Horwitt therefore had to make incredibly painstaking efforts to separate fact from ficton. The book begins with an Alinsky story about how he managed to first ingratiate himself into the Capone mob: a mobster had just died, and his mother was bemoaning the fact that she did not have any pictures to remember her son by. Alinsky took a press photographer to the morgue, snapped a shot that he then had retouched, and presented it publicly to the grieving parent.
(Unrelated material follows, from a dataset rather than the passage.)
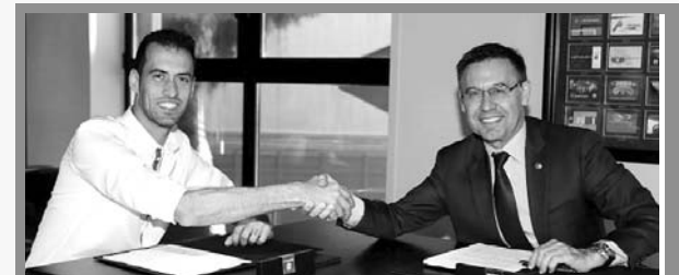
El internacional español, Sergio Busquets

Barcelona oficializó la renovación del centrocampista Sergio Busquets, hasta el 30 de junio del año 2023.

At first Horwitt accepted this tale at face value, but then became skeptical. He pursued it through numerous sources, including a poker game with one of Alinsky's associates, who told Horwitt it was a lot of baloney. Horwitt had given it up as another yarn, when he decided to take a final look at the Alinsky papers at the University of Illinois-Chicago. There, on his _final day_ of research for the book, in the files of Alinsky's class work at the University of Chicago Sociology Department, were the previously overlooked research notes, telling the same story. For Horwitt, this symbolized the complexity of his enterprise, and he begins with this telling incident.

Horwitt managed to separate fact from myth by conducting several hundred interviews, as well as by mining all the archival sources. This produced the raw material for a book that is rich in the language of Alinsky's life; where else but in Nicholas Hoffman's reports on the Provisional Organization of the Southwest Community would you find the excerpt that he had recruited a local men's group called the Boneheads: "They are basically composed of guys who went to school and went through the war together and grew up in the neighborhood and still live there....There's another group called the Selohssa Club, or 'assholes' spelled backwards, who, I hear, will be affiliating before long. So with the boneheads and the assholes, I really don't see how we can lose."

Horwitt does a first-rate job in telling the difficult story of Saul Alinsky, and he provides an important guide to anyone concerned about the roots and development of community organizing in the United States.